I sprinted through the small streets and quite soon I have reached Landwehr Canal and crossed a fairy tale like bridge from Innstrasse to Elsenstrasse.

When I got to Noize Fabrik, right at the entrance, I bumped into a tall, dark stranger, dressed up from head to toes in a black latex suit. “Hm, I wonder what instrument is this guy playing? A whip?”

Inside the venue, the artistic “hostilities” had already started for the Musik Hackspace Berlin Launch Party

On the stage there was a guy called Robin Sukroso, speaking about one of his youtube videos that had over 2 million views. And it was not a funny cat video. It was a funny dog video 😀

No, it was actually a presentation video of his musical invention:  a device called ACPAD –  an electronic pad that you can attach to your guitar and make it sound like the wind in Siberia doing karaoke 🙂

The talk was followed by a live performance. You can see right away that SukrosO is a virtuosOOO. He is a highly educated musician (a graduate of the Conservatory in Bavaria) but on stage he is a burning man. He performs like a possessed gypsy musician who’s playing so intensely that he could set his cimbalom on fire.

As much as the ACPAD device is cool and everything, the story behind its creation can actually change your life if you are open to get inspired. I found the full story while searching for ACPAD music on youtube. Here it is. A great example of how some people succeed to turn their dreams into reality just by asking the right, the better questions.

Needless to say, I went back to my hotel animated by a strong desire to play a bigger game in life.

Day 2

Early breakfast at Britzer hotel. A breakfast included in the price of the room 🙂 And you know that feeling when a meal is INCLUDED!!! A feeling of pure unaltered joy in front of the all-you-can-eat buffet. Old, wrinkly, tomatoes on the brink of retirement? Bring it on! Canned fish since the time your grandmother was a virgin! Bring it on! Insect sandwiches? Bring it on! Because it’s.. INCLUDED!!! I looked around and sat at a table near the friendliest person in the room: a fish!

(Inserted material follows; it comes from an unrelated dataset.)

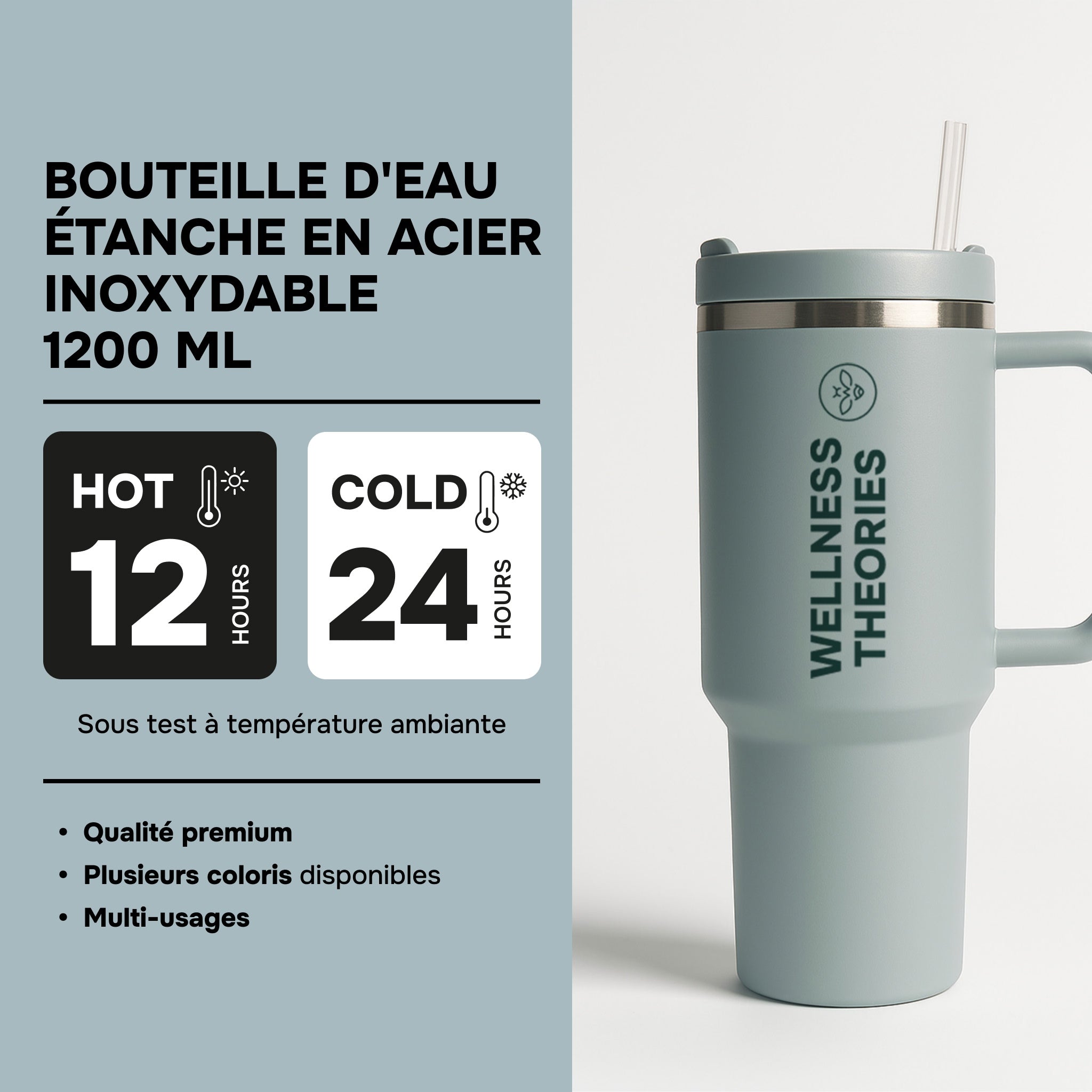 WELLNESS THEORIES - Taza isotérmica con pajita 1,2 l – Acero inoxidable - Azul

And against all odds, I got out of there alive and kicking eager to explore Neukölln. Oh, yes, I am going to see Schillerpromenade and Tempelhof Field and Horseshoe and Britzer Garden and Richardplatz and Klunkerkranich and…and..

But first let’s relax a little. What’s the hurry? I called a cab and took refugee in a popular tiny little café: Two and Two on Pannierstrasse, no 6.

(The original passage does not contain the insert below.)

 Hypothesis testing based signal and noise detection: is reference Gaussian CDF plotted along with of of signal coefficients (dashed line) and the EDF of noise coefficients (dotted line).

It’s a French café with a Japanese touch. That means the French cheese sandwiches are so challeging for the nose that you might consider a harakiri. No, not really, they just give you a Samurai sword as cuttlery.

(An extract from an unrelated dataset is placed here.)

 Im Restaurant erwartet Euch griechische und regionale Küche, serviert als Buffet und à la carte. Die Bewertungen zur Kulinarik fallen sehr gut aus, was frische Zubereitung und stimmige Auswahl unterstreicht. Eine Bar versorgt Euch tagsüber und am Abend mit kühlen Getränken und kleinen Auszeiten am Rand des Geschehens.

I ordered a salmon sandwich and it was brought wrapped up in a very minimalistic kimono: a thin rope. Arguably one of the sexiest salmon sandwhiches I have ever eaten. Really delicious.

And while I was chewing it dilligently, my eyes fell on a big picture on the wall. And that was it ! I couldn’t take my eyes back. I started a long diplomatic negotiation process with my eyes trying to get them out of there peacefully. C’mon, let’s go, we have other things to see. The Horseshoe, remember? The Schiller’s Donkey..No effect.

For hours on end my eyes remained riveted on that photo because it helped me finally understand the meaning of life.